A forward-thinking but risky maneuver. It ultimately proved too cute, backfiring on the Bruins.

Randall conceded a leadoff single to Tanner Griffith and Savage was forced, he said, to turn to Hawk. With one out and Griffith in scoring position, Ian Armstrong chopped a game-tying single over Mulivai Levu’s glove at first base. Hawk issued two walks to load the bases, but Jared Mettam grounded out to third to ensure extra innings.

Despite conceding the lead, Hawk remained in the game for the 10th inning. Kashimoto reached base on an infield single. Sniffen stepped up with two outs and pulsed his clutch gene, finding the hole between Martin and Cholowsky as Kashimoto sprinted around third base and dove headfirst into home plate.

It was a devastating way to end what seemed destined to be a special season.

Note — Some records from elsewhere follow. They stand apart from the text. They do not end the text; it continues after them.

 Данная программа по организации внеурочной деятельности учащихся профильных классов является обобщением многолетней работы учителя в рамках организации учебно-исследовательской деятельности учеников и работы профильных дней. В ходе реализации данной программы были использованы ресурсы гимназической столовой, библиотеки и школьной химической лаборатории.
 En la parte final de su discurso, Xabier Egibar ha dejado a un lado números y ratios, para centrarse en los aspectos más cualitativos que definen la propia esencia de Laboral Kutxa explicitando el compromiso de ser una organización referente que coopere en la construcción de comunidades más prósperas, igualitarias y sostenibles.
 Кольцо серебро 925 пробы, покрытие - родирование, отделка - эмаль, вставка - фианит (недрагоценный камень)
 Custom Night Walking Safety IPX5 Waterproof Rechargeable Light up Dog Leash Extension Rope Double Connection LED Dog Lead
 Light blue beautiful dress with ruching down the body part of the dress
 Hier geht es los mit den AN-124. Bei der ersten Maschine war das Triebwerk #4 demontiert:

“I feel for them,” Savage said of his players. “Great, great people. Very loyal guys. … That’s a tough clubhouse to leave. Those guys have been such wonderful Bruins.”

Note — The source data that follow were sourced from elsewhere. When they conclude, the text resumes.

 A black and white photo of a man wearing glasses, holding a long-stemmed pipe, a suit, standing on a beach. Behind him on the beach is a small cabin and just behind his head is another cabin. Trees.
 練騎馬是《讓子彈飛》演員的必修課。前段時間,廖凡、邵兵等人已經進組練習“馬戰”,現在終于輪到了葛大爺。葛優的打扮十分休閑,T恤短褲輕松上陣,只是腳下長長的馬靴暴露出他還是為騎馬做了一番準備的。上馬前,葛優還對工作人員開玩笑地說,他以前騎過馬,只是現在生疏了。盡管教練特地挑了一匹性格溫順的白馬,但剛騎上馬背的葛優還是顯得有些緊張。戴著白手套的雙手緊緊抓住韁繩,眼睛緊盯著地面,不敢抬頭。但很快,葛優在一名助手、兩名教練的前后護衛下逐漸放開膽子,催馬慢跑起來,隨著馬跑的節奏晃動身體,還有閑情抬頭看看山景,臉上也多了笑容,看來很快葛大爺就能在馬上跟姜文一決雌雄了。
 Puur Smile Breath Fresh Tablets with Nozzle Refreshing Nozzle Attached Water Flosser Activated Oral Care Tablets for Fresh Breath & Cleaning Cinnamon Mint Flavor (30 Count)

Savage, a monotone leader, showed a single spec of emotion when asked about Cholowsky’s impact on the program.

He and the core of this UCLA roster arrived in Westwood ahead of the 2024 season, enduring a developmental year without a postseason appearance. The Bruins advanced to the College World Series in 2025, ultimately losing to Arkansas and LSU, the eventual champion. After earning those battle scars, fittingly, 2026 was when everything would come together.

Throughout the regular season, it did. UCLA was seemingly unbeatable, sustaining the No. 1 ranking from beginning to end and setting a program record with a 27-game winning streak that spanned late February through mid-April. But in mid-April, the Bruins lost their best starting pitcher, Logan Reddeman, and despite winning nine of their last 11, played hotly contested games, putting their bullpen in a bind, narrowly escaping defeat time and again.

“I don’t think we played up to our standards the last couple weeks,” Savage said.

It all crested in the regional, where UCLA’s storybook season concluded without its happy ending.